◆ **Source material**:
★ ★ ★ ★ ★
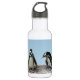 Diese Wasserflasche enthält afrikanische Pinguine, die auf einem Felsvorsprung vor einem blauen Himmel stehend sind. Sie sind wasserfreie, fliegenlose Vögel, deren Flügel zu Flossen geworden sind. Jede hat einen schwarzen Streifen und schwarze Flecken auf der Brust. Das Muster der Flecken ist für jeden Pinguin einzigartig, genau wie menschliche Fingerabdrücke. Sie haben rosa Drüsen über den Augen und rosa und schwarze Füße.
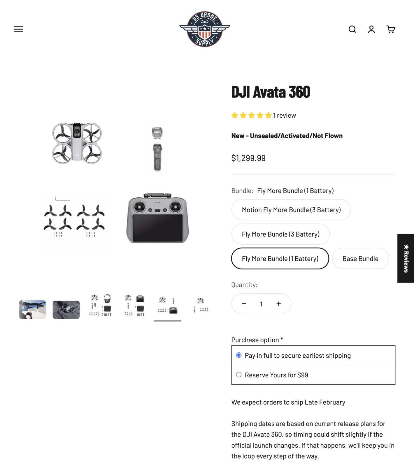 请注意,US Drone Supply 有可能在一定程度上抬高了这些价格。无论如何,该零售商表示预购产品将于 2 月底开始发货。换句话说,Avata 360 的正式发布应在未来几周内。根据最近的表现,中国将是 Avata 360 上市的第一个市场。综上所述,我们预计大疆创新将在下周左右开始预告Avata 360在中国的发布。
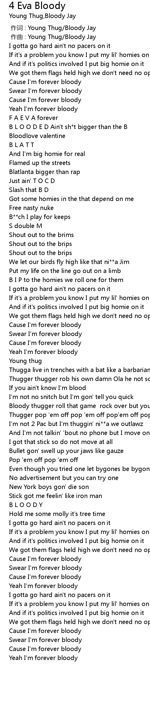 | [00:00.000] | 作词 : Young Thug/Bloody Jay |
★ ★ ★ ★ ★
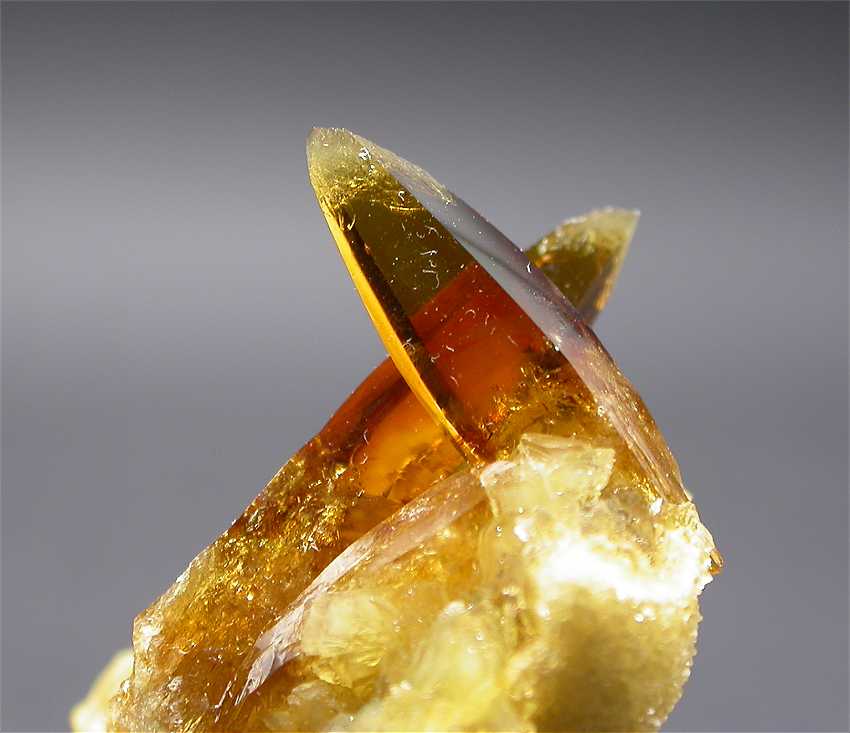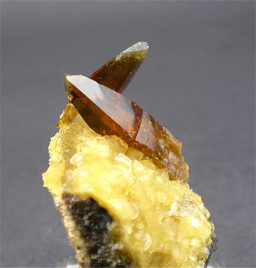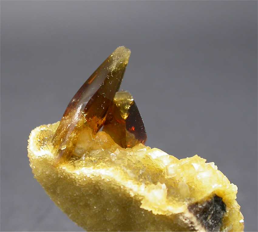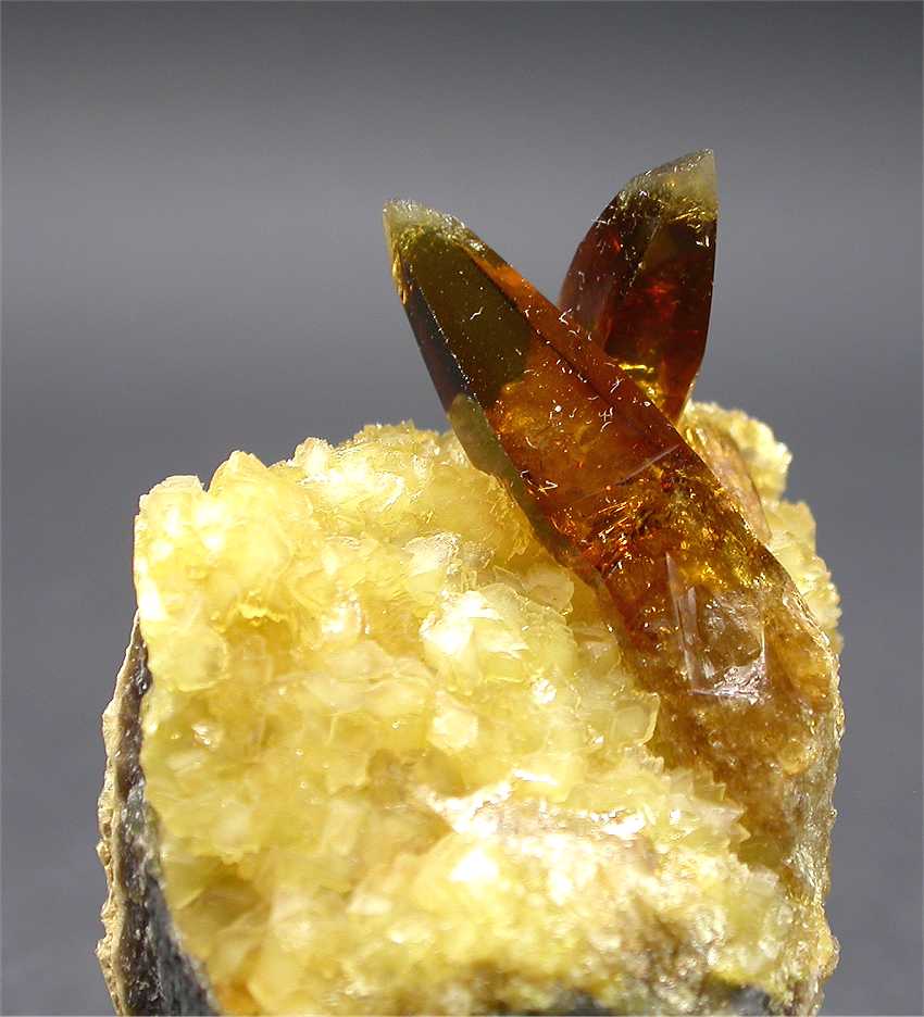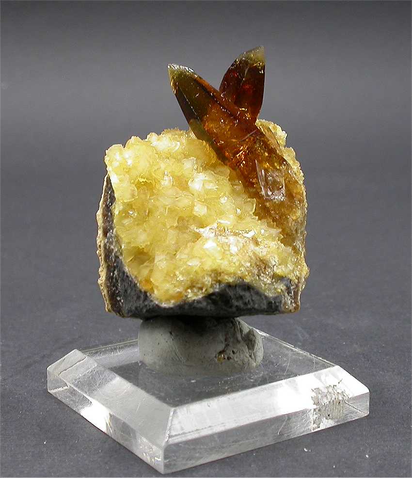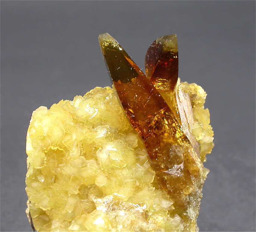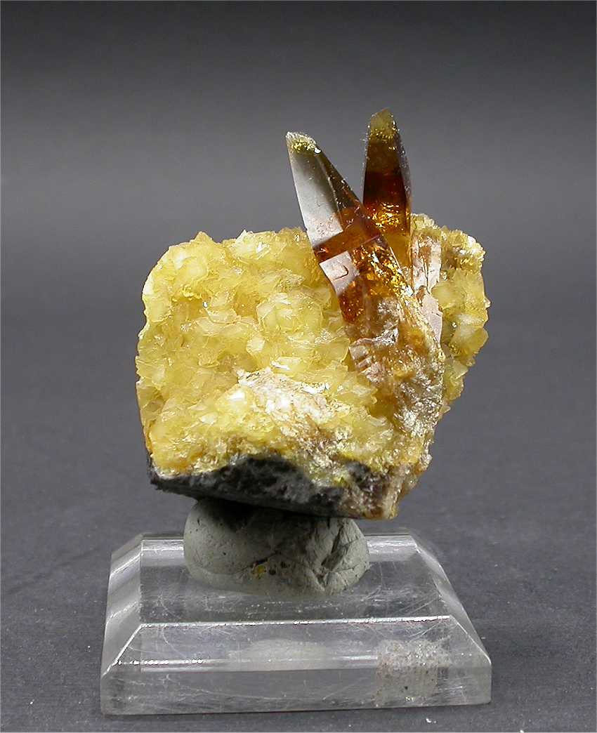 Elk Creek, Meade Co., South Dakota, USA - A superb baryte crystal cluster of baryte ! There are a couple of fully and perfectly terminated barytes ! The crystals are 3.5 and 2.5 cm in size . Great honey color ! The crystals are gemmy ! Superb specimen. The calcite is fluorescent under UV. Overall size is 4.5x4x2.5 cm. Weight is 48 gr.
★ ★ ★ ★ ★
◆ **Task**:
Out of the records above, return only the lines from the one with "请注意,US Drone Supply" through the one with "Thug/Bloody Jay |", exactly, and none of the pictures.

◆ **Result of the task**:
 请注意,US Drone Supply 有可能在一定程度上抬高了这些价格。无论如何,该零售商表示预购产品将于 2 月底开始发货。换句话说,Avata 360 的正式发布应在未来几周内。根据最近的表现,中国将是 Avata 360 上市的第一个市场。综上所述,我们预计大疆创新将在下周左右开始预告Avata 360在中国的发布。
 | [00:00.000] | 作词 : Young Thug/Bloody Jay |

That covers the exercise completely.